Component 1: The Decision Agent – The System’s Brain

The decision agent is the “brain” of the Agentic RAG system, responsible for understanding and distributing tasks. It is usually built on top of an LLM, but it’s not just the LLM itself – it’s a combination of an LLM and a reasoning framework. Two mainstream reasoning frameworks exist today:

The ReAct pattern (Reasoning + Acting): The agent works in a cycle of “Think → Act → Observe → Think.” When a user asks, “Which courier company has the best delivery performance in the Yangtze River Delta?”, the agent first thinks, “This question requires checking the delivery data of different courier companies in the Yangtze River Delta region,” and then calls a relevant tool to retrieve it. After getting the results, it thinks again, “The data is incomplete; information about J&T Express is missing,” and thus calls the tool again for supplementary retrieval. This “thinking-while-doing” model is particularly suitable for complex problems requiring multiple rounds of exploration.

The Plan-and-Execute pattern: The agent first formulates a complete action plan and then executes step-by-step according to the plan. For the same question, the agent would first plan: “Step one: list all major courier companies. Step two: query their delivery times in the Yangtze River Delta one by one. Step three: compare the data and generate a report.” Then it executes the plan methodically. The advantage of this model is a clear task path, making it easy to track and debug. The downside is that it’s slightly less flexible than the ReAct model.

Tip: In practice, the ReAct pattern is better for open-ended, uncertain problems, while the Plan-and-Execute pattern is better for tasks with clear, predictable steps. I recommend beginners start with the ReAct pattern because its “thinking-while-doing” logic is closer to natural human thought and easier to debug. Once you are familiar with the agent’s behavior patterns, you can try the Plan-and-Execute pattern for tasks that clearly require “step-by-step completion.”

Component 2: The Pluggable Toolset – The Agent’s Hands

The toolset is the “hand” through which the agent interacts with the environment. Each tool is essentially an encapsulated function or API, defining its input, output, and functionality description. The key design point is: The registration information for each tool must include a clear description and parameter explanation. This is because the agent relies on these descriptions to decide “when to use which tool.”

Here is a typical snippet for registering a tool:

1
2
3
4
5
6
7
8
9
10
11
12
13
14
15
16
17
18
19
20
21
22
23
24
25
26
27
28
# Register a vector search tool
tools = [
{
"name": "vector_search",
"description": "Perform semantic search in the internal knowledge base, returning the most relevant document fragments",
"parameters": {
"query": {"type": "string", "description": "The search query"},
"top_k": {"type": "integer", "default": 5}
}
},
{
"name": "web_search",
"description": "Fetch the latest information from the internet via a search engine",
"parameters": {
"query": {"type": "string", "description": "The search keyword"},
"num_results": {"type": "integer", "default": 5}
}
},
{
"name": "code_executor",
"description": "Execute Python code for data calculation, statistical analysis, etc.

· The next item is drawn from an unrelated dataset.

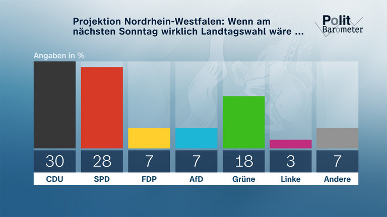 Wenn schon am nächsten Sonntag gewählt würde, ergäben sich die folgenden Projektionswerte für die Parteien: Die CDU käme zurzeit auf 30 Prozent, die SPD auf 28 Prozent, die FDP auf 7 Prozent, die AfD auf 7 Prozent, die Grünen auf 18 Prozent und die Linke auf 3 Prozent. Die anderen Parteien lägen zusammen bei 7 Prozent, darunter keine Partei, die mindestens 3 Prozent erreichen würde. Damit gäbe es eine Mehrheit für eine Koalition aus CDU und Grünen, knapp reichen würde es auch für eine rot-grüne Regierung.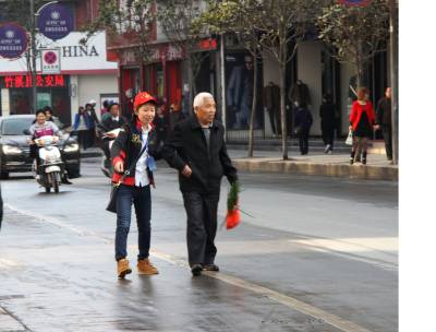 3月26日,“文明劝导员”(戴红帽者)在竹溪县街头劝导市民文明过马路。当日,竹溪县“文明劝导”志愿服务活动正式启动。竹溪县为大力培育文明风尚,提升市民文明素质和文明形象,在城区主要路段开展以“讲文明、树新风、促和谐、促创文明县城”为主题的“文明劝导”志愿服务活动。“文明劝导”志愿者由县直机关青年干部组成的“文明劝导员”和城区中小学生组成的“文明使者”组成,“文明劝导员”每周三上午8点至9点30分开展志愿劝导活动,“文明使者”每天上、放学时间开展志愿劝导活动。“文明劝导”志愿者重点对乱扔乱倒垃圾、乱贴乱画、乱穿马路、损坏公物、践踏绿地等不文明行为,车辆乱停乱放、占道经营、施工占道等不文明现象,沿街经营户不讲卫生、不讲秩序的行为进行劝导。

The code must use print to output the result.",
"parameters": {
"code": {"type": "string", "description": "The Python code to be executed"}
}
}
]

Note: The quality of the tool description directly affects the accuracy of the agent’s decisions. A description that is too brief might prevent the agent from knowing when to use the tool; a description that is too long might cause “information overload.” A good practice is to explain in the description “what problem this tool is good at solving” and “what type of data it is suitable for processing.” For example, the description for vector_search could include: “Good at handling questions requiring semantic similarity understanding, such as explaining technical concepts or comparing products.”

Component 3: The Feedback Loop – The Self-Correction Engine

The feedback loop is the most revolutionary component of Agentic RAG compared to Traditional RAG. It endows the system with self-correction and iterative optimization capabilities. A standard feedback loop consists of three steps:

Step 1: Result Evaluation. After each tool call, the agent evaluates the results. Evaluation dimensions include: Relevance (is the result strongly related to the query?), Completeness (does the result cover all query dimensions?), Consistency (is the information returned by different tools consistent with each other?). This evaluation can be done with a simple Prompt, like: "Please analyze if the following search results completely answer the user's question. If information is missing, point out what is missing. If it’s irrelevant, return 'No relevant results.'"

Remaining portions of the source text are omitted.